The second way detects optimizations where instead of bytes DWORDs are written by the KSA (lines 38-46). For instance, the password cracker John optimizes the KSA like this (see opencl_rc4.h). It comprises an initialized array of 64 DWORDs:

#ifdef RC4_IV32       
__constant uint rc4_iv[64] = { 0x03020100, 0x07060504, 0x0b0a0908, 0x0f0e0d0c,       
                               0x13121110, 0x17161514, 0x1b1a1918, 0x1f1e1d1c,       
                               0x23222120, 0x27262524, 0x2b2a2928, 0x2f2e2d2c,       
                               0x33323130, 0x37363534, 0x3b3a3938, 0x3f3e3d3c,       
                               0x43424140, 0x47464544, 0x4b4a4948, 0x4f4e4d4c,       
                               0x53525150, 0x57565554, 0x5b5a5958, 0x5f5e5d5c,       
                               0x63626160, 0x67666564, 0x6b6a6968, 0x6f6e6d6c,       
                               0x73727170, 0x77767574, 0x7b7a7978, 0x7f7e7d7c,       
                               0x83828180, 0x87868584, 0x8b8a8988, 0x8f8e8d8c,       
                               0x93929190, 0x97969594, 0x9b9a9998, 0x9f9e9d9c,       
                               0xa3a2a1a0, 0xa7a6a5a4, 0xabaaa9a8, 0xafaeadac,       
                               0xb3b2b1b0, 0xb7b6b5b4, 0xbbbab9b8, 0xbfbebdbc,      
                               0xc3c2c1c0, 0xc7c6c5c4, 0xcbcac9c8, 0xcfcecdcc,       
                               0xd3d2d1d0, 0xd7d6d5d4, 0xdbdad9d8, 0xdfdedddc,       
                               0xe3e2e1e0, 0xe7e6e5e4, 0xebeae9e8, 0xefeeedec,       
                               0xf3f2f1f0, 0xf7f6f5f4, 0xfbfaf9f8, 0xfffefdfc };        
#endif

Now we can understand where the constants 0xFFFEFDFC and 0x03020100 come from. Such an optimized version of RC4 was actually utilized in the original XBOX bootloader (there we can also see the utilization of the DWORD 0x4040404).

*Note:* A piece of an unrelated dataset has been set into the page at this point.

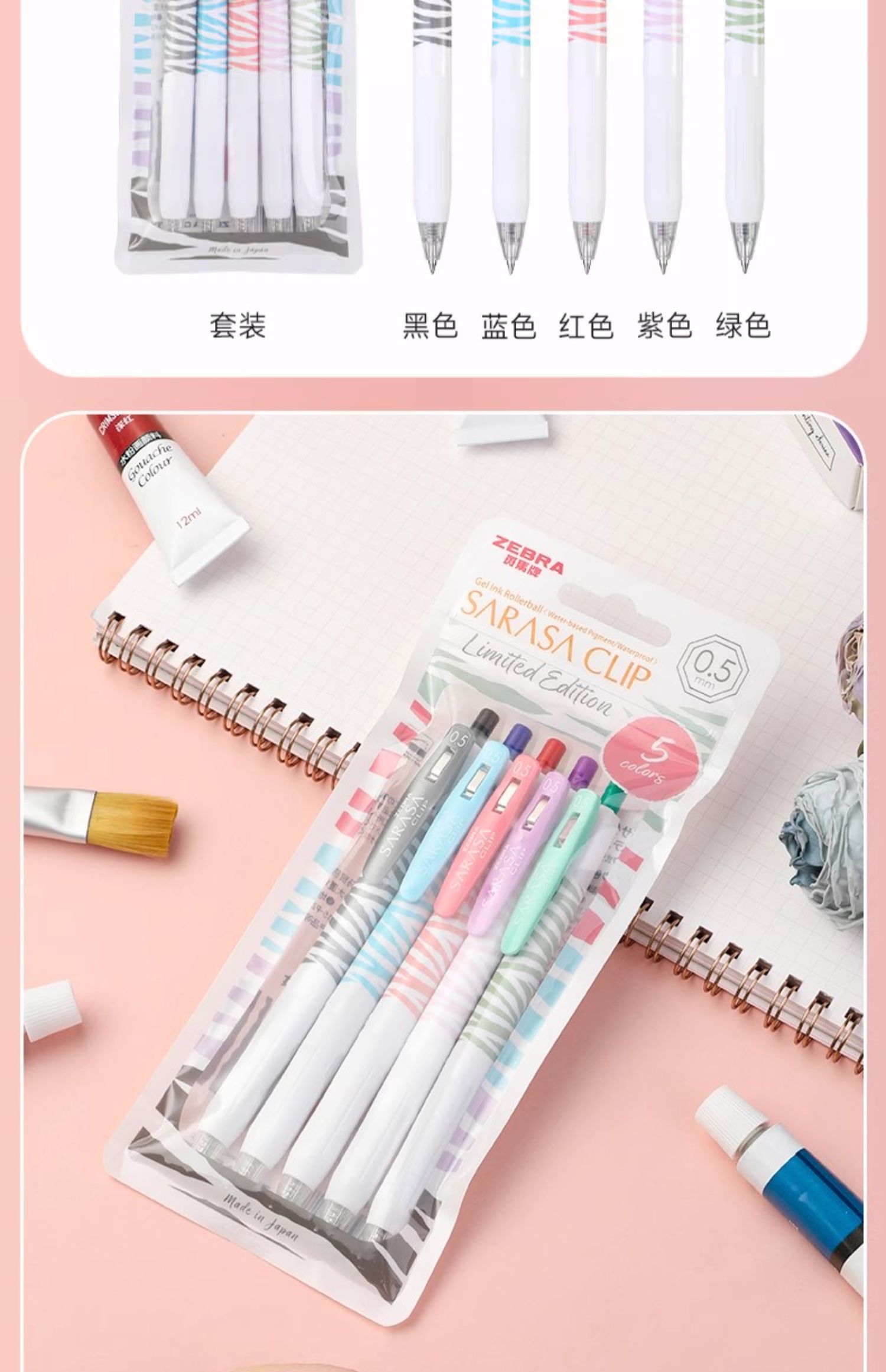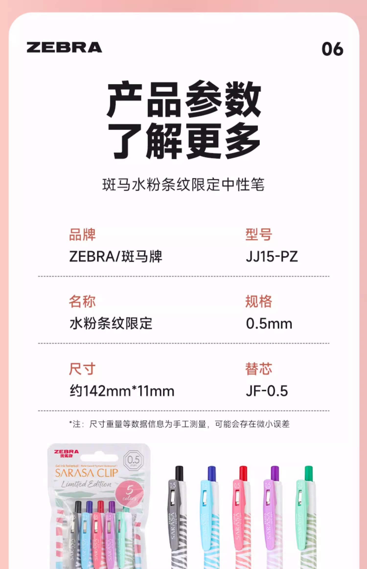 斑马中性笔水粉条纹限定款JJ15

Let me tell you a tiny anecdote. A couple of years ago, a junior coworker reversed the whole RC4 algorithm in a malicious binary and told some colleagues and me that they analyzed a custom crypto algorithm. We told them that this was just plain old RC4. The coworker was a little bit upset but they likely learned a lot from their tiny adventure in RC4. I hope that now you are capable of spotting RC4 in (malicious) binaries and I’ve just saved you a couple of hours of reversing.